Abstract

A 72-year-old male with hypertension, pruritus, and occasional reflux reported long-standing unexplained syncope. Stress echocardiography demonstrated inducible anterior hypokinesis, and he underwent percutaneous coronary intervention for an 80% stenosis of the left anterior descending artery. Thirty minutes post-procedure, he experienced a pulseless electrical activity (PEA) arrest without ECG changes. CPR was performed with a mechanical device for 90 minutes. Urgent repeat angiography demonstrated profound coronary artery spasm; the LCx and LAD were ballooned, and nitrates and adrenaline administered. Anaphylaxis was considered the likely diagnosis. Our patient recovered and was well for three days, when a second unexplained PEA arrest occurred. Elevated serial event and basal tryptases led to suspicion of systemic mastocytosis as the underlying diagnosis. Bone marrow biopsy revealed a hypercellular bone marrow with increased mast cells on tryptase stain, and cytogenetics demonstrated positive D816V c-KIT mutation.

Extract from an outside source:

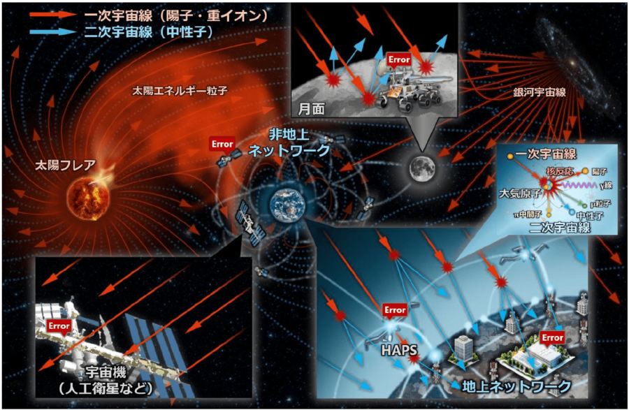 宇宙から飛来する放射線(宇宙放射線)のうち、宇宙空間で主要な「陽子」と地上の大気中で主要な「中性子」に関して、それらが半導体に誤動作(ソフトエラー)を引き起こす確率が、宇宙空間で大部分を占める高エネルギー帯では同等であることを世界で初めて実証しました。

Our patient commenced sodium cromoglycate, cetirizine, and ranitidine. His admission was significantly prolonged by multi-organ complications of his cardiac arrests. He was ultimately discharged home on day 56 post-arrest, has made an excellent functional recovery and had no further episodes of syncope at nine months post-discharge. Systemic mastocytosis is the pathological accumulation of mast cells in organs. It is a recognised cause of life-threatening syncope and PEA arrests, and estimated to affect 1 in 10,000 people. Stressors such as coronary angiography may precipitate mass mast cell degranulation and cardiac arrest. In the setting of unexplained cardiac arrest, tryptase levels should be measured and systemic mastocytosis considered as a diagnosis.